Sun Microsystems, Inc.  Sun System Handbook - ISO 4.1 October 2012 Internal/Partner Edition
   Home | Current Systems | Former STK Products | EOL Systems | Components | General Info | Search | Feedback

Asset ID: 1-72-1410873.1
Update Date:2012-06-29
Keywords:

Solution Type  Problem Resolution Sure

Solution  1410873.1 :   Sun Storage 7000 Unified Storage System: SMF unable to spawn processes due to contract exhaustion  


Related Items
  • Sun Storage 7310 Unified Storage System
  •  
  • Sun Storage 7410 Unified Storage System
  •  
  • Sun ZFS Storage 7120
  •  
  • Sun Storage 7110 Unified Storage System
  •  
  • Sun ZFS Storage 7320
  •  
  • Sun ZFS Storage 7420
  •  
  • Sun Storage 7210 Unified Storage System
  •  
Related Categories
  • PLA-Support>Sun Systems>DISK>NAS>SN-DK: 7xxx NAS
  •  
  • .Old GCS Categories>Sun Microsystems>Storage - Disk>Unified Storage
  •  




In this Document
Symptoms
Cause
Solution
References


Applies to:

Sun Storage 7210 Unified Storage System - Version Not Applicable to Not Applicable [Release N/A]
Sun Storage 7110 Unified Storage System - Version Not Applicable to Not Applicable [Release N/A]
Sun Storage 7310 Unified Storage System - Version Not Applicable to Not Applicable [Release N/A]
Sun Storage 7410 Unified Storage System - Version Not Applicable to Not Applicable [Release N/A]
Sun ZFS Storage 7120 - Version Not Applicable to Not Applicable [Release N/A]
7000 Appliance OS (Fishworks)

Symptoms

To discuss this information further with Oracle experts and industry peers, we encourage you to review, join or start a discussion in the My Oracle Support Community - 7000 Series ZFS Appliances


Symptoms observable by the customer:

  • Cannot login to BUI/CLI
  • SSH service disabled
  • Users lost access to NFS shares
  • Workflows timing out, when run
  • Error message 'failed to spawn job' - when performing CLI operations (examples)
    nas1:maintenance system> sendbundle
    error: An unanticipated system error occurred: failed to spawn job
    a75604b6-36fd-2222-eeee-b5fbb4b9e9a6: invalid peer group name

    This may be due to transient failure, or a software defect.

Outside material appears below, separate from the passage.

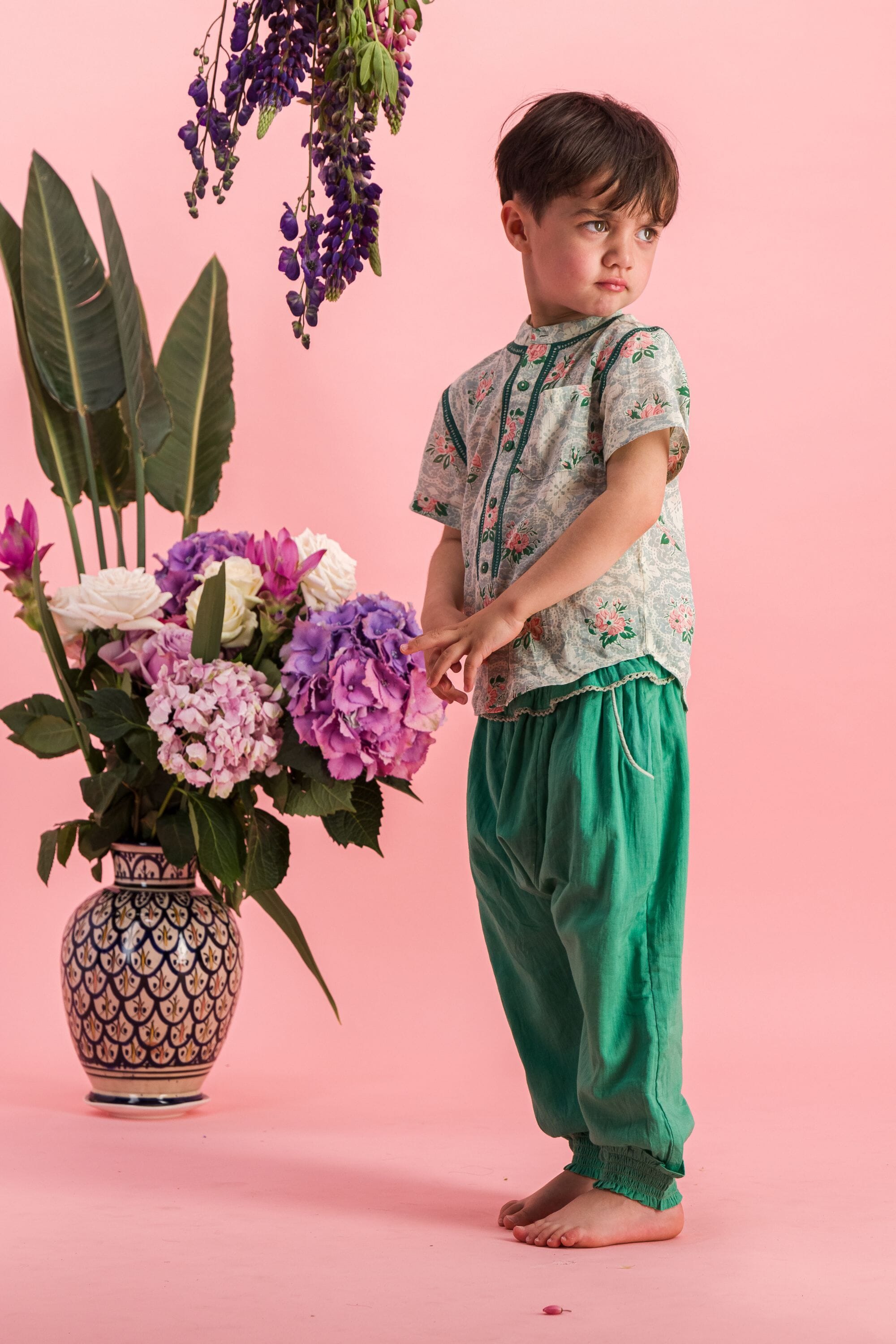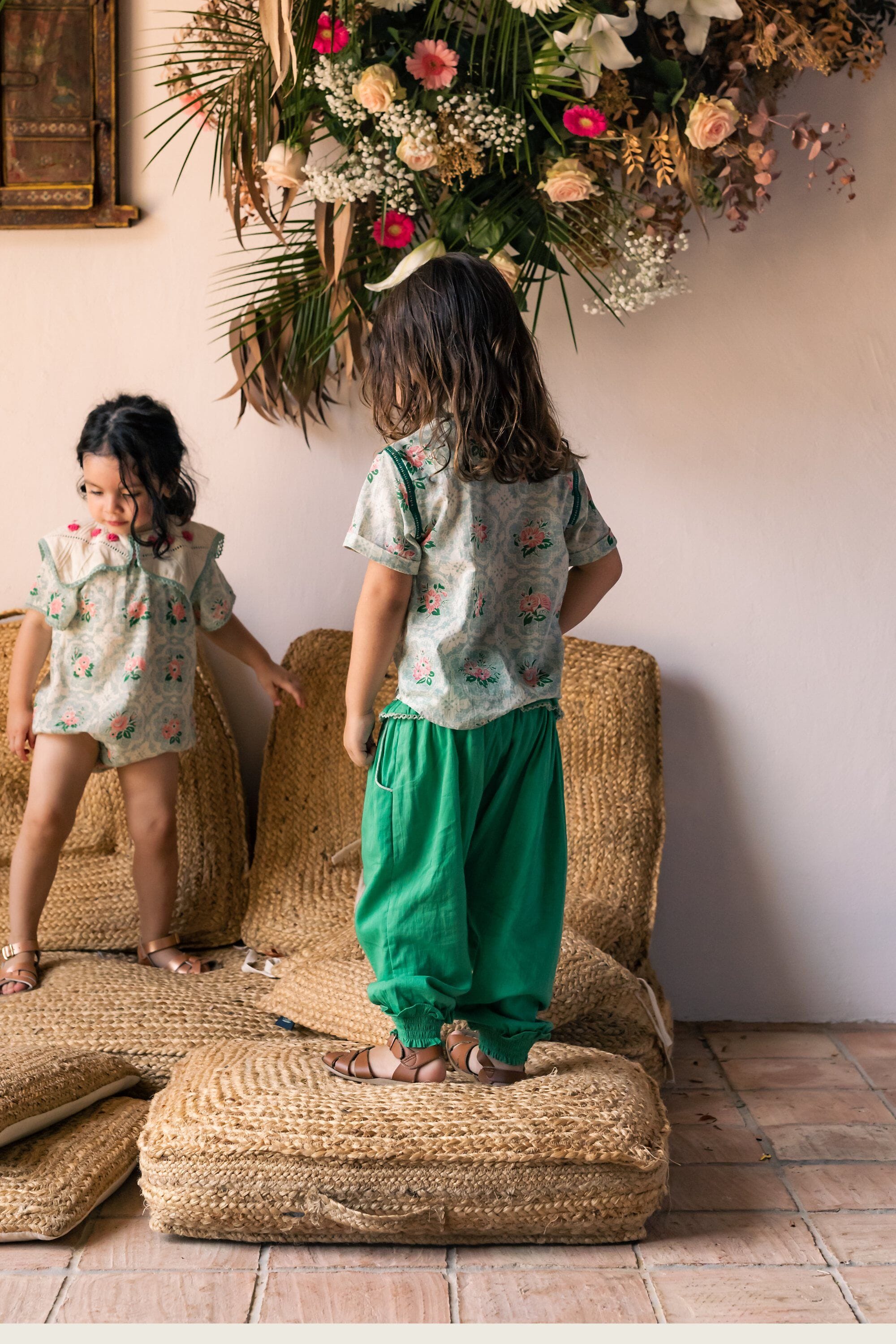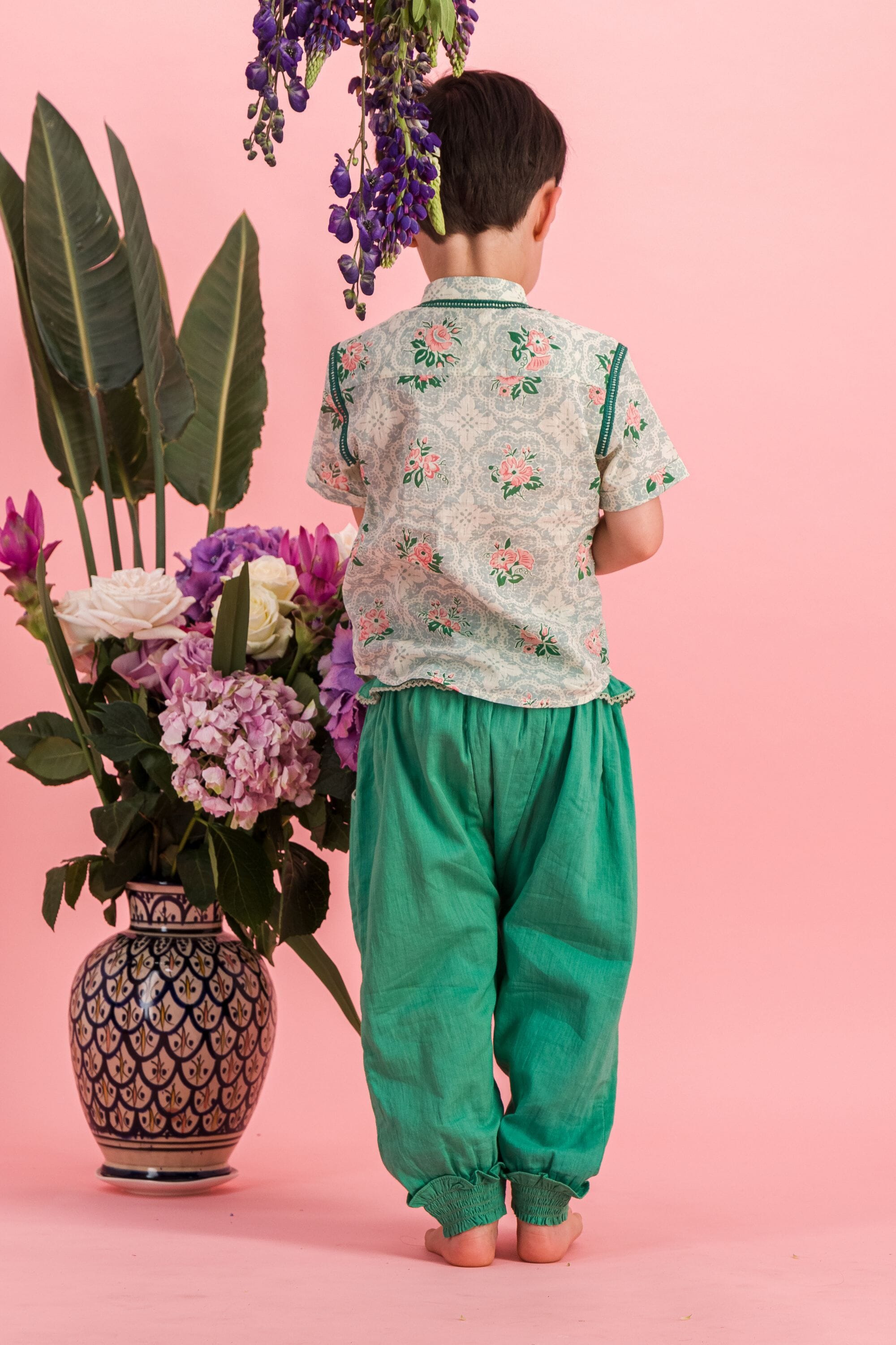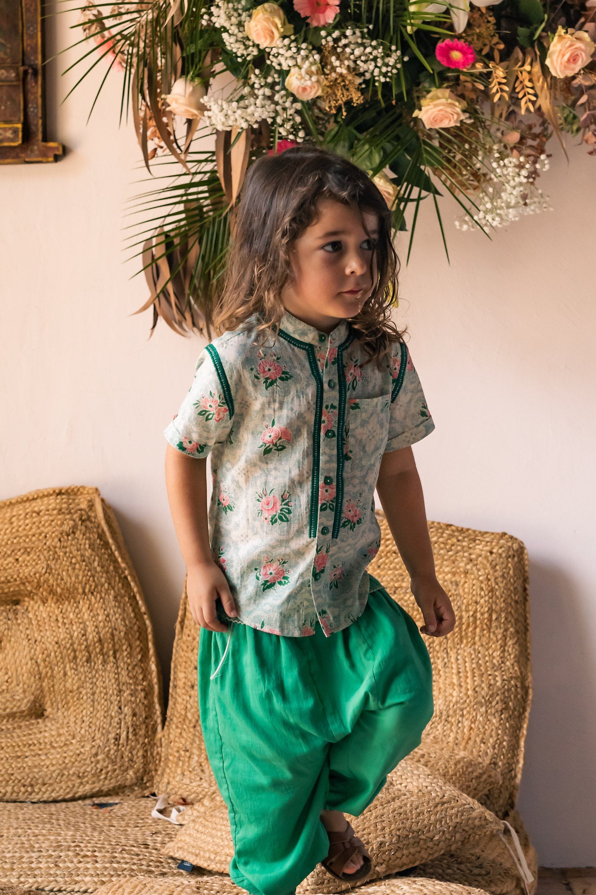 - Shirt, 100% organic cotton, Block print, Officer collar, Embroidery along the collar, button placket and armhole, Chest pocket, Short sleeves, Contrasted buttons.

If this problem
    persists, contact your service provider.


    nas2:maintenance system updates> download
    nas2:maintenance system updates download (uncommitted)> set url=http://devops-storage.us.oracle.com/upgrade/OLD/ak-nas-2010-08-17-2-1-1-1-21-nd.pkg.gz
    url = http://devops-storage.us.oracle.com/upgrade/OLD/ak-nas-2010-08-17-2-1-1-1-21-nd.pkg.gz
    nas2:maintenance system updates download (uncommitted)> commit
    Transferred 618M of 644M (95.9%) ... done
    error: An unanticipated system error occurred: failed to spawn job
    64fcd5a2-1234-abcd-e232-d1865ec6e13c: invalid peer group name

    This may be due to transient failure, or a software defect. If this problem persists, contact your service provider.
  • BUI System log contains "fork: Resource temporarily unavailable" messages:
Mar 11 13:10:52 nas402 svc.startd[76]: [ID 748625 daemon.error] network/ssh:default failed: transitioned to maintenance (see 'svcs -xv' for details)
Mar 11 13:11:15 nas402 sshd[2105]: [ID 800047 auth.error] error: fork: Resource temporarily unavailable
Mar 11 13:14:55 nas402 svc.startd[76]: [ID 748625 daemon.error] network/ssh:default failed: transitioned to maintenance (see 'svcs -xv' for details)
Mar 11 13:16:46 nas402 sshd[2105]: [ID 800047 auth.error] error: fork: Resource temporarily unavailable
Mar 11 13:21:28 nas402 svc.startd[76]: [ID 748625 daemon.error] network/ssh:default failed: transitioned to maintenance (see 'svcs -xv' for details)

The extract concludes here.